_The problem_
State how many lines in the records below include the word "storage". Give nothing but that number.

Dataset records
______________________________

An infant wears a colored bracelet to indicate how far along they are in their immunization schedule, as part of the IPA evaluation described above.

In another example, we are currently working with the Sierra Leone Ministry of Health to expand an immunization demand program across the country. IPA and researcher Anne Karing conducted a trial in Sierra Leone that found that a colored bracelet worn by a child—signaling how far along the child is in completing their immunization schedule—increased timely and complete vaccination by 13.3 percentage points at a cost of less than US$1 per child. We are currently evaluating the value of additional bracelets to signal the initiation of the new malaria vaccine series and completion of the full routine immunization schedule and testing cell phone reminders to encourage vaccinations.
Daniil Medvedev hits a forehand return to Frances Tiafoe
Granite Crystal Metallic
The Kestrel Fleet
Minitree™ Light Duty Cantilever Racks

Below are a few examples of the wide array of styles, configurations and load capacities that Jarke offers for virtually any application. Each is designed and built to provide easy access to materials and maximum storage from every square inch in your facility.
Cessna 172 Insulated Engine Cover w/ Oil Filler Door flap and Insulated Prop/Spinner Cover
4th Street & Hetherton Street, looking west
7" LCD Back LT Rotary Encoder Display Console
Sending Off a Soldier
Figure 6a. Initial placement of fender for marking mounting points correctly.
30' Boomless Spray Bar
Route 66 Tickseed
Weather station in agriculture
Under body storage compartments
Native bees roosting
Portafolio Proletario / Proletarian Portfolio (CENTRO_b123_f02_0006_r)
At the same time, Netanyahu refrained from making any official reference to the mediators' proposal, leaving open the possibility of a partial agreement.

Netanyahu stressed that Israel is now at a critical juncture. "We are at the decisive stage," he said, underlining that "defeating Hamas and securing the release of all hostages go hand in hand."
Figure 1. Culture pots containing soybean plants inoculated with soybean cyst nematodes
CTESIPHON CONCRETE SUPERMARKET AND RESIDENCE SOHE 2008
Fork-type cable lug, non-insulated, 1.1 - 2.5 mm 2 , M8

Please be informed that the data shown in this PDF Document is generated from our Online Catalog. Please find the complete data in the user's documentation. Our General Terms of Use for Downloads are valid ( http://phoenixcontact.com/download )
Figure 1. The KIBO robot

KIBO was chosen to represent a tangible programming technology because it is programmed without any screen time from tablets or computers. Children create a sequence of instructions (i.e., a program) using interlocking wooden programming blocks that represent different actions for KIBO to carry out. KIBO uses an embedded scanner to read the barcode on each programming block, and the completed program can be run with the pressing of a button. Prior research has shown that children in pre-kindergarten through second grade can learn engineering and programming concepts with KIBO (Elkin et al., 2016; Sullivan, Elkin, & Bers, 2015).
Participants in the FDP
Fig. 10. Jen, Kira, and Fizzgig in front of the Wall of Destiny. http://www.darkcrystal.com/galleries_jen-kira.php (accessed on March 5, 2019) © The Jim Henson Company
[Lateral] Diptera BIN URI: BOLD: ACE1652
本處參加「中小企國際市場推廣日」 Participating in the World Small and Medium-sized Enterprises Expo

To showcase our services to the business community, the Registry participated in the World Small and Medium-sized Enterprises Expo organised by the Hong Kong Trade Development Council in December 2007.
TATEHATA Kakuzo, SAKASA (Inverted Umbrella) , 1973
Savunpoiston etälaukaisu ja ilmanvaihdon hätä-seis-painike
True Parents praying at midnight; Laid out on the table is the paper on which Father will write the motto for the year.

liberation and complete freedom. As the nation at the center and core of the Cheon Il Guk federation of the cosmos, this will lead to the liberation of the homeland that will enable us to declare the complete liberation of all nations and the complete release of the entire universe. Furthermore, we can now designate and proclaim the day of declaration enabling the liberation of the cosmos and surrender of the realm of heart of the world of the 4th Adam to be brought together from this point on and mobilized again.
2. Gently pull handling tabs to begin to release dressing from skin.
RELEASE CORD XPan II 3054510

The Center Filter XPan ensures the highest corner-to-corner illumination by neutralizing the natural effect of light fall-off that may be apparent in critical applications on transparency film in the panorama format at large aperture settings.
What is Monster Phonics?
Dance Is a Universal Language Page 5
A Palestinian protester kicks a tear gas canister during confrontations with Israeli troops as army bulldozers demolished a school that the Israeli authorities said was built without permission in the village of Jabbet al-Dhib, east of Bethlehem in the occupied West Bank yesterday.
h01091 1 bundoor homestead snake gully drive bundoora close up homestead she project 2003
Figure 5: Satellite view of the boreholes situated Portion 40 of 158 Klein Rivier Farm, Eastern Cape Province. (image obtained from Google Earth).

______________________________

_Written answer_
2